クアンスティータの双子の姉であり兄でもあるクアースリータの意味は【質】、クアンスティータは【量】を意味する。
 クアースリータは力の本質、精度が非情に優れた化獣である。
 対してクアンスティータは圧倒的なまでの物量を意味する化獣だ。
 調べれば調べる程、色んなものが噴き出してくる化獣――それがクアンスティータだ。
 クアンスティータを調べていけば、いくほど、色んな事が発見され、さらに説明出来ない事が色々と出てくるので、新しい言葉や定義などを考え出して当てはめていかねばならない。
 広大な宇宙空間そのもの――カノンは当初、そう位置づけていた。
 だが、調べて行けばその宇宙空間をも遙かに凌駕する力をクアンスティータは持っている事が解った。
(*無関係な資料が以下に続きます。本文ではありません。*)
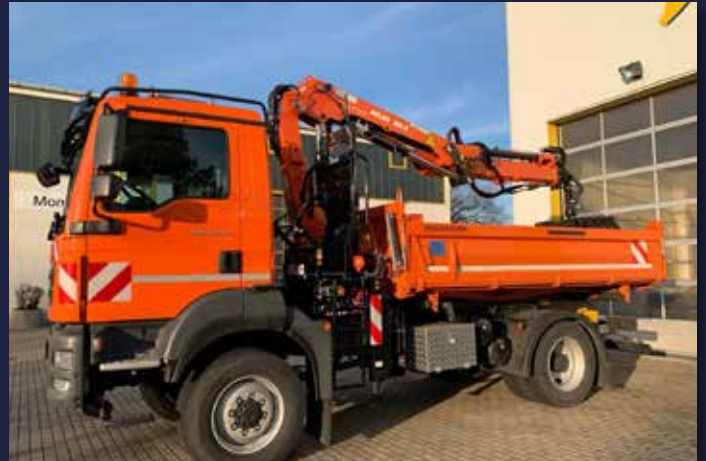
... der ATLAS Ladekran AK 88.3 für die Region Mittelhessen ...
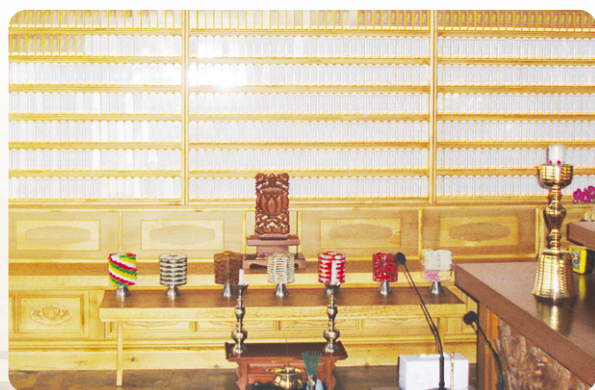
용학사 극락전 영구위패
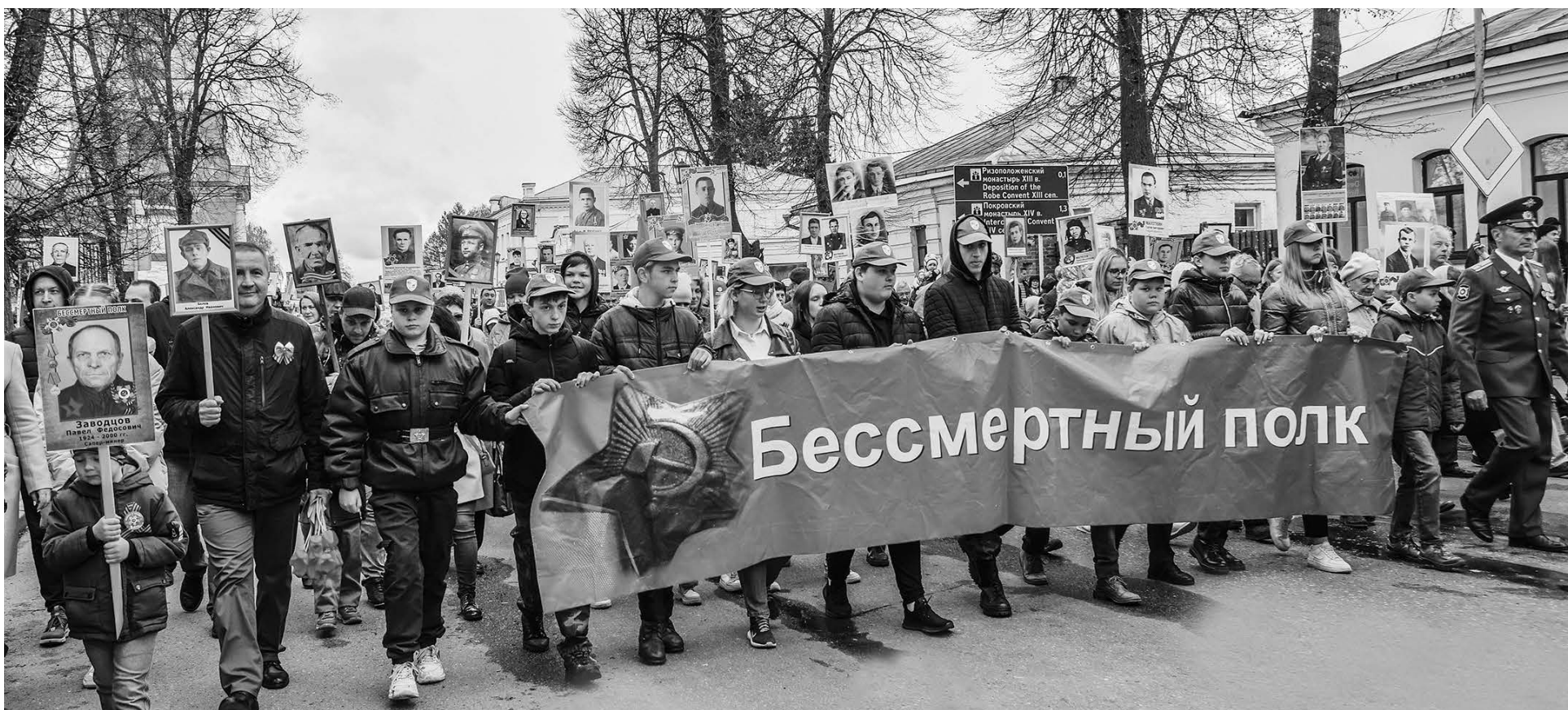
Праздничные мероприятия в Суздале, посвященные 77-й годовщине Победы в Великой Отечественной войне. «Бессмертный полк» и парад.

Существует предварительная запись по телефону 8(49231) 2-05-17.
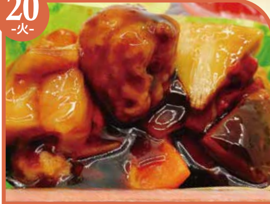
肉団子の甘酢あん
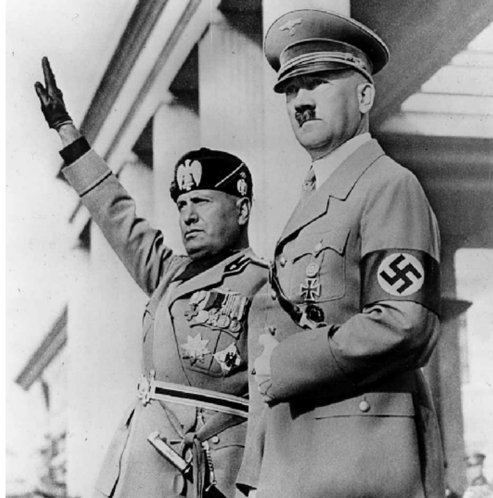
मुसोलिनी आणि हिटलर

समाजवादी आणि उदारमतवाद्यांना सर्वाधिक मते मिळाली, परंतु ते एकत्र सरकार बनवण्यास तयार नव्हते. समाजवाद्यांनी बोल्शेविक क्रांतीच्या प्रभावामुळे वेळेच्या अगोदरच सशस्त्र संघर्ष सुरू केला. १९१९-१९२० च्या दरम्यान इटलीच्या पो पर्वत रांगांमध्ये हा संघर्ष बराच पुढे गेला होता. समाजवाद्यांनी बऱ्याच शहरांवरती एक प्रकारे ताबा मिळवला होता. इटली गृहयुद्धाच्या वाटेवर असे, असेच वाटत होते. परंतु विद्रोहावर नियंत्रण ठेवण्यासाठी समाजवाद्यांनी ना स्वतःला तयार केले होता, ना जनतेला. त्यामुळे हा विद्रोह मोडून काढण्यात आला. हा विद्रोह चिरडण्यात भांडवली राज्यसत्तेची भूमिका होतीच, पण त्याच बरोबर फासीवादी सशस्त्र टोळ्यांनीसुद्धा या कामात महत्त्वपूर्ण भूमिका बजावली. १९१९ च्या निवडणुकांमध्ये फासीवाद्यांना उल्लेखनीय यश मिळाले नव्हते. परंतु १९१९-२० च्या कामगारांच्या विद्रोहाने मालमत्ताधारी वर्गाच्या मनात एक भीती निर्माण केली होती. रशियामध्ये पान ९ वर
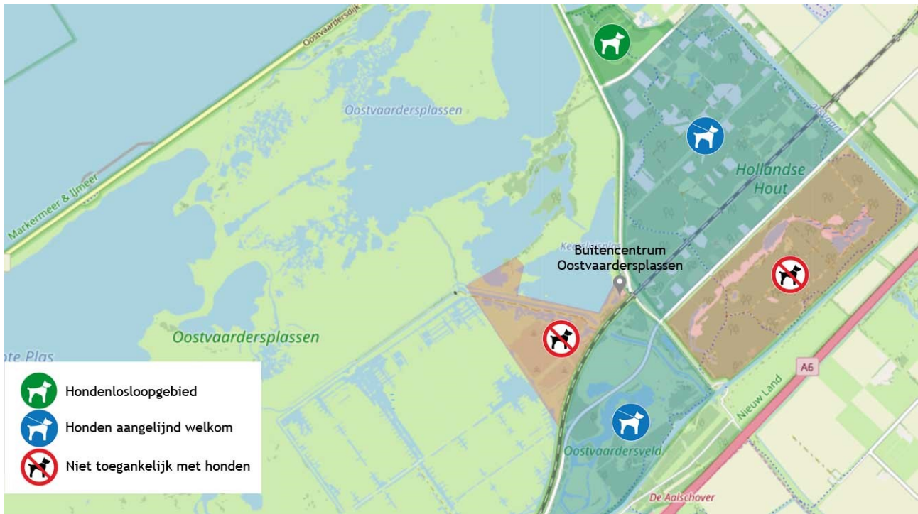
Hollandse Hout, Driehoek en Oostvaardersveld
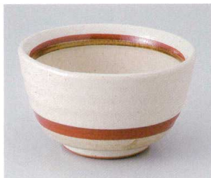
09305-086 1,400円 250851604 灰釉明日香中玉3.8小鉢(110×65mm)
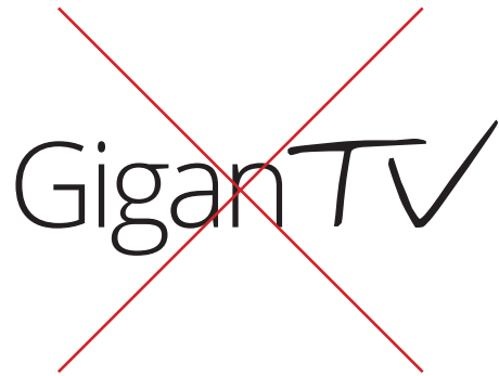
Alteración en la escritura
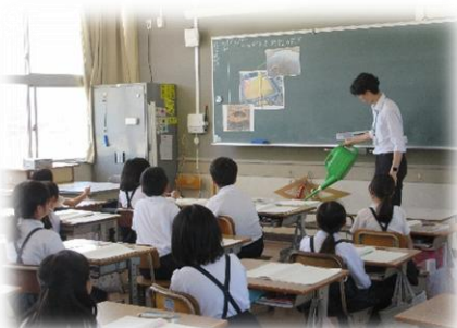
4年2組「雨水の行方と土地の変化」

 調べていけば調べていく程、謎が増えてくる不思議な存在、クアンスティータ――
 その内の一核が目の前にいる。
 側体でも今のカノンのレベルでは、一瞬にして消されてもおかしくないパワーを持っている。
 全ての存在がその誕生を恐れていたとされる化獣――
 その化獣が何故か自分とそっくりな容姿をしている。
 何故、自分なのか?
 そこが解らなかった。
 何故、自分の容姿が選ばれたのか?
 聞きたいことは他にも山ほどある。
 だが、聞いて答えてくれるものなのか?
 天才的頭脳を持つカノンであっても頭が混乱する。
 さっぱり解らない。
 解っているのはこのクアンスティータ・トルムドアはカノンに対して敵意が無いという事だ。
 それは、カノンが生きていることが何よりの証拠だ。
 敵意が有れば、カノンは既に消滅していてもおかしくはない。